▶ **Work to complete**: Quote the lines of the data below verbatim, beginning at the line that contains "不室屋 宝の麩 いしかわ6ヶ入を20名様にプレゼント" and ending at the last line, both included, and excluding pictures.

▶ **Stored data**:
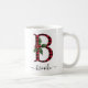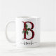 Schwarz und Rot Buffalo Karierte B Monogram Xmas Kaffee Tasse mit einem niedlichen A Anfangsbuchstaben mit einem Büffel karierten Muster und mistletoe Aquarellelement. Die individuelle Name-Vorlage unter dem B Monogramm befindet sich in einem Wirblen handschriftlichen Kalligraphie-Schriftart mit Schnörkeln. Gönnen Sie sich eine durchdachte personalisierte Weihnachtsfeier als Winterurlaubsgeschenk oder kleine Geschenk. Für einen anderen Karo in Monogrammbriefen im Abschnitt "Andere Produkte aus dieser Sammlung" unten.
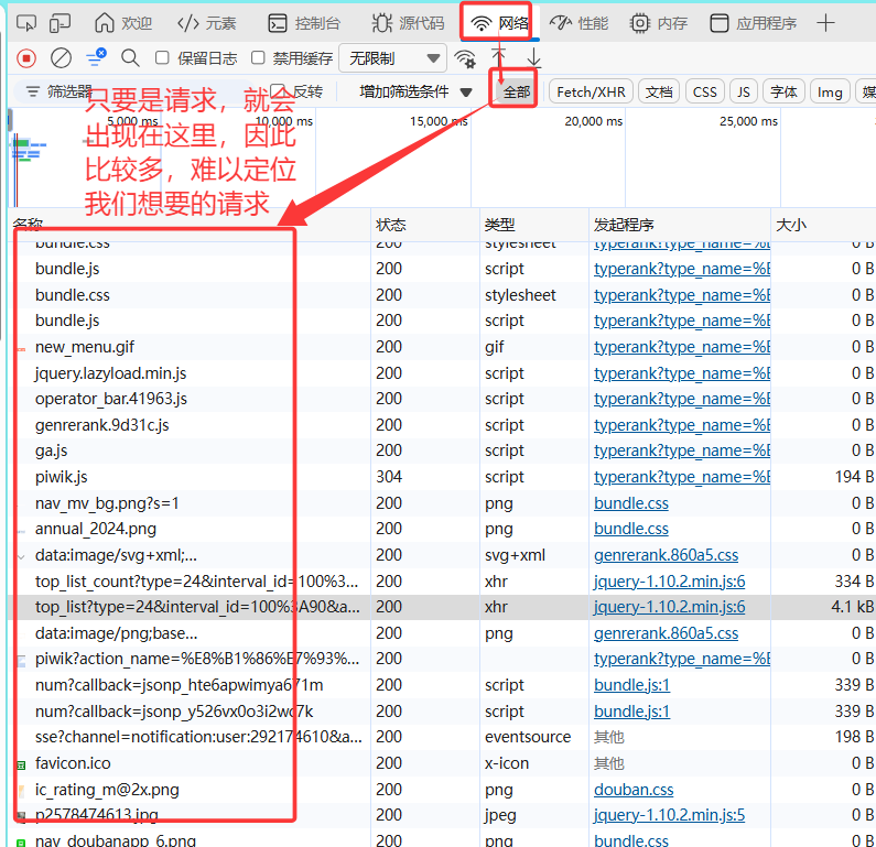 右击网页->检查->网络->全部
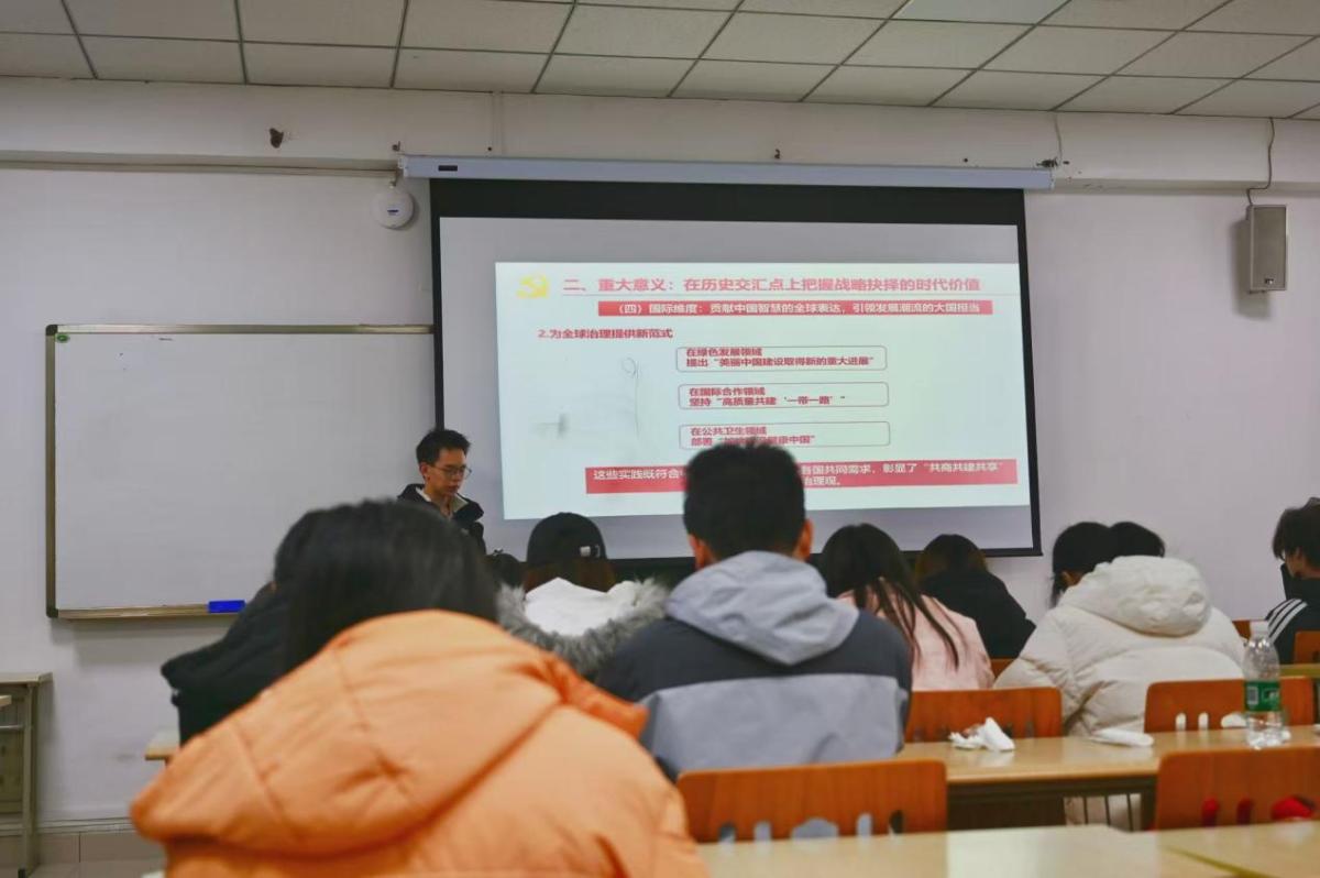 在“贯彻落实”部分的讲解中,主讲人围绕以理论武装夯实落实根基、以系统思维破解落实难题、以制度建设强化落实效能这三个方面,与同学们讨论了如何将宏伟蓝图转化为个人勤学笃行的实际行动。大家表示,在未来的学习路上会以实际行动践行“请党放心,强国有我”的青春誓言。
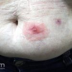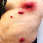 Os locais de maior acometimento são o rosto, axilas, pescoço, nádegas, coxas e períneo.
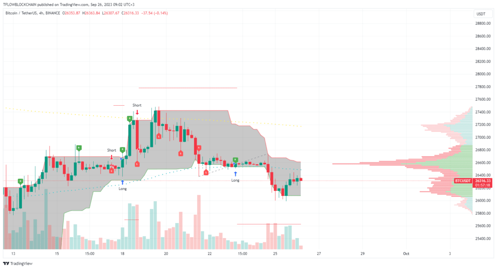 Приветствуем всех на сегодняшнем обзоре рынка от 26 сентября 2023 года. Вместе мы управляем портфелем из 10 криптовалют и торгуем в реальном времени на платформе Binance Futures. Мы используем торговый механизм TFLOW на 4-часовом графике. Общая рыночная капитализация составляет 1,04 триллиона долларов США, дневной объем — 23,53 миллиарда долларов США, доминирование BTC — 48,9%, а индекс страха и жадности — 46.
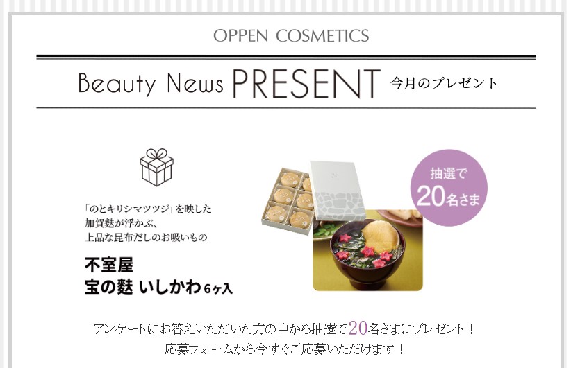 不室屋 宝の麩 いしかわ6ヶ入を20名様にプレゼント 2025.09.21オッペン化粧品 Beauty News 今月のプレゼント 賞品:不室屋 宝の麩 いしかわ6ヶ入(20名様) 締切:2025年11月20日(木)アンケートにお答えいただいた方の中から抽選で20名さまにプレゼント!※詳細はキャンペーンページにてご確認ください。応募はこちらから
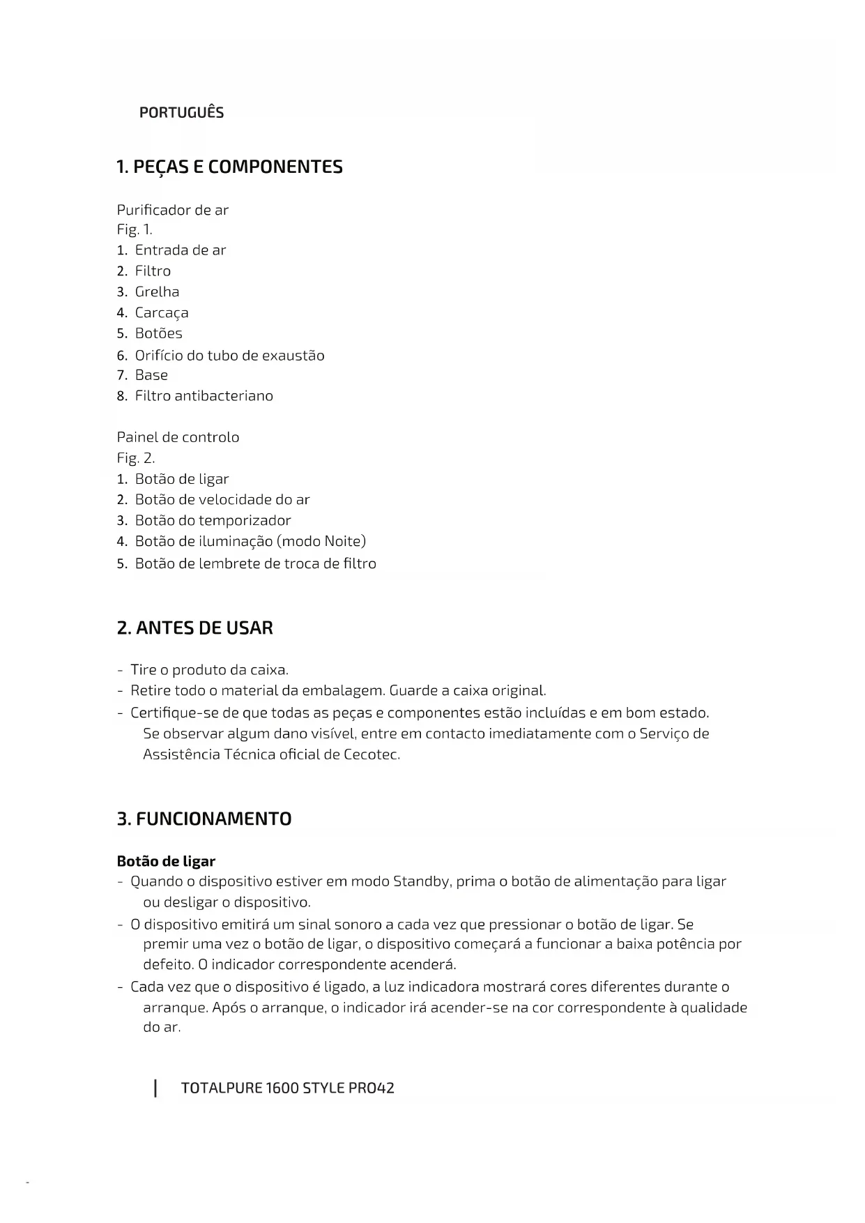 Encontre gratuitamente o manual do aparelho TotalPure 1600 Style CECOTEC em formato PDF.

▶ **Task result**:
 不室屋 宝の麩 いしかわ6ヶ入を20名様にプレゼント 2025.09.21オッペン化粧品 Beauty News 今月のプレゼント 賞品:不室屋 宝の麩 いしかわ6ヶ入(20名様) 締切:2025年11月20日(木)アンケートにお答えいただいた方の中から抽選で20名さまにプレゼント!※詳細はキャンペーンページにてご確認ください。応募はこちらから
 Encontre gratuitamente o manual do aparelho TotalPure 1600 Style CECOTEC em formato PDF.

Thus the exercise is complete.